Historic house in Virginia, United States

The James Semple House is a historic house on Francis Street in Colonial Williamsburg, Williamsburg, Virginia. Built about 1770, it is a prominent early example of Classical Revival residential architecture, whose design has been attributed to Thomas Jefferson. It was declared a National Historic Landmark in 1970.

==Description and history==
The James Semple House stands in historic Colonial Williamsburg, a short way south of the Capitol on the south side of East Francis Street. It is a wood-frame structure, with a central two-story section flanked by single-story wings set at a recess. The central block is covered by a front-facing gabled roof with full pediment, while the wings have side-facing gables. The central block is three bays wide, with a center entrance topped by a transom window and sheltered by a gabled portico.
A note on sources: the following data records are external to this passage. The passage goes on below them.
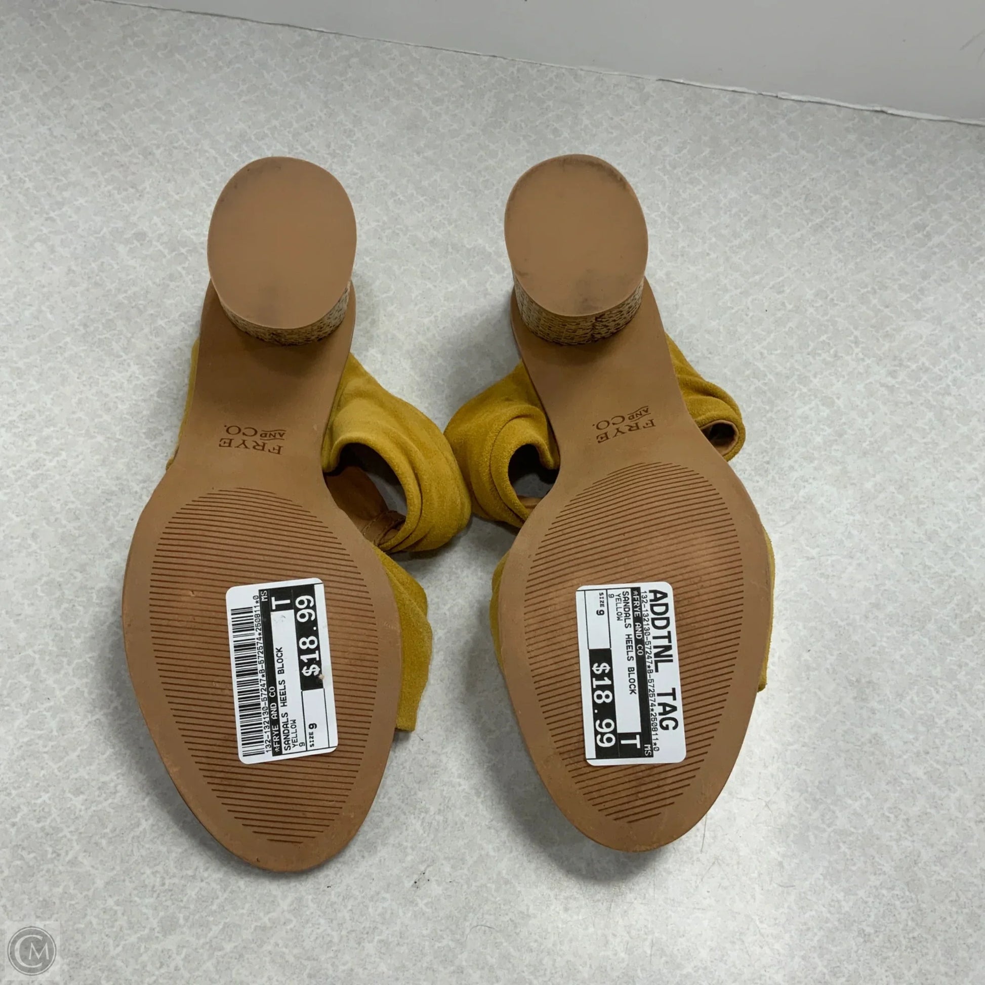 Sandals Heels Block By Frye And Co In Yellow, Size: 9
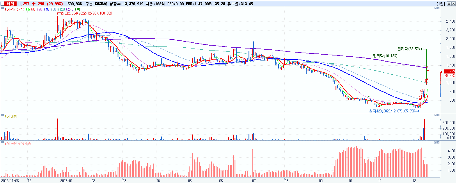 - 베셀 (1,257원 ▲ 29.99% , 시총: 168억, 거래량: 591,166, 거래대금:7억)
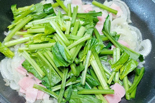 3./ホウレンソウを、茎部は4センチ、葉部は5センチほどの長さに切る。2のベーコンに火が通ったら、ホウレンソウの茎部を加えて炒める。
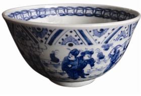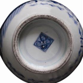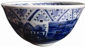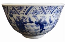 而笔者今天讲的是,与“珍稀古本”年代相同的一块瓷片,它也叫“八蛮进宝”(图1)。这块瓷片成人巴掌大小,瓷白画青,所绘人物穿戴、身佩俱有异域特色,人物身姿形态与周围“云山石草”形成一幅较为完整的、生动有趣的瓷上画面,十分讨喜!这是南京藏家叶先生为研究而收藏使用的标本。像这样的青花大碗,我过去还拍过一些(图2、3),它们都是碗心有一条盘龙的器物,且画意细腻,发色也非常好!是较为典型的这个时期的青花图案和“正”字款识。它们均被藏家视为吉祥之物!
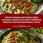 Creamy Spinach-Artichoke Greek Chicken Alfredo with Crispy Parmesan Broccoli and Mushroom Basil Sauce
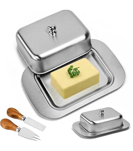 Butter bei die Fische - aber schön ordentlich! Diese elegante Butterdose aus Edelstahl bringt Stil auf deinen Frühstückstisch. Mit den Maßen 18,5x12x6,8cm bietet sie genug Platz für Butter, Käse oder andere Leckereien. Der geriffelte Deckel sitzt bombenfest und verhindert lästiges Austrocknen. Aus lebensmittelechtem Edelstahl ist die Dose spülmaschinengeeignet und super leicht zu reinigen. Perfekt für Zuhause, aber auch stylisch genug fürs Restaurant! Ob zum Frühstück, Brunch oder Abendessen - diese Dose macht immer eine gute Figur. Einfach befüllen, auf den Tisch stellen und sich an der praktischen und schönen Aufbewahrung erfreuen! Ein Must-have für jede Küche!
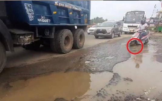 தமிழகத்தில் சாலையில் இருந்த பள்ளத்தால் ஏற்பட்ட விபத்தில் கணவன் முன்னே மனைவி துடிதுடிக்க இ றந்த சம்பவம் சோகத்தை ஏற்படுத்தியுள்ளது.
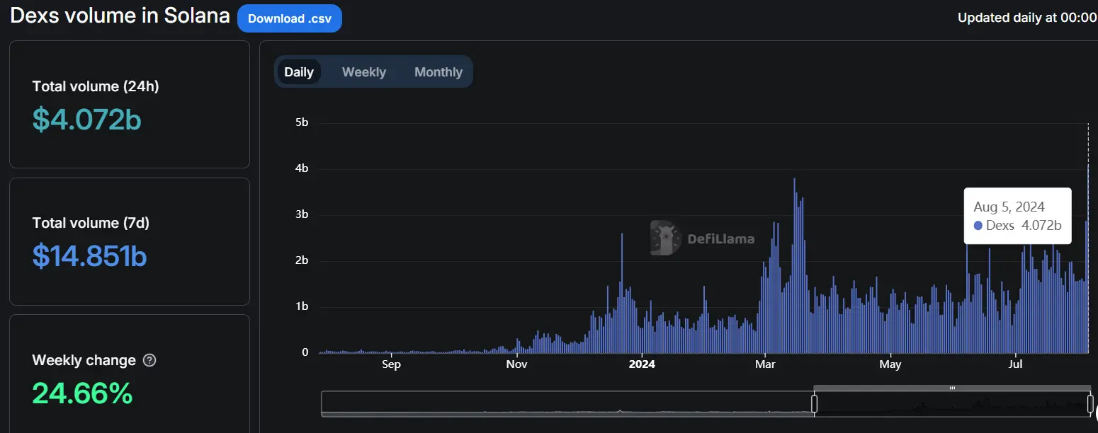 ChainCatcher 消息,据 DeFiLlama 数据显示,过去 24小时 Solana 链上 DEX 交易量超 40 亿美元,创下历史新高。
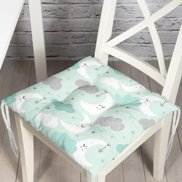 Realhomes Renkli Ay Bulut Motifli Özel Tasarım Dijital Baskılı Modern Pofuduk Sandalye Minderi
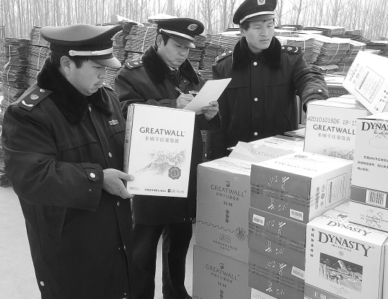 近日,扶沟县工商局根据群众举报联合县公安局在该县白潭镇某村查获一大型制造假葡萄酒窝点,查处各类假葡萄酒4种900余件、包装标识1.5万多套,涉案金额11多万元。目前,该案已移交公安机关作进一步调查处理。图为执法人员正在清点查获的葡萄酒及包装标识。(卢付昌 张丙纪 摄)
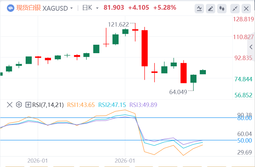 2月9日,白银基于周五从64美元大关口的强劲反弹(即自12月17日以来的最低点)继续运转,并在新一周开始时获得一定的积极势头。白金属在欧洲早盘盘内上涨,目前交易价略低于82.00美元整数,日内上涨超过5.50%。

The portico is supported by Doric columns, and has a dentillated pediment and eaves.

The exact date of construction of this house is uncertain, but was probably around 1770. Early owners of the house were the Harrison family, and Benjamin Harrison V sold it sometime before 1769 to Dr. William Pasteur. Surviving documentation suggests that a house may have been standing on the lot when Pasteur acquired it, but it is also possible that Pasteur had the house built after purchasing the land. Its designer is also uncertain, and has been ascribed by some authorities to Thomas Jefferson on the basis of its similarity to other known Jefferson designs. The house was acquired in 1801 by Dr. James Semple. Future U.S. president John Tyler, a relative of the Semples, resided here while attending school. After passing through several other owners, it was purchased by Colonial Williamsburg in 1928.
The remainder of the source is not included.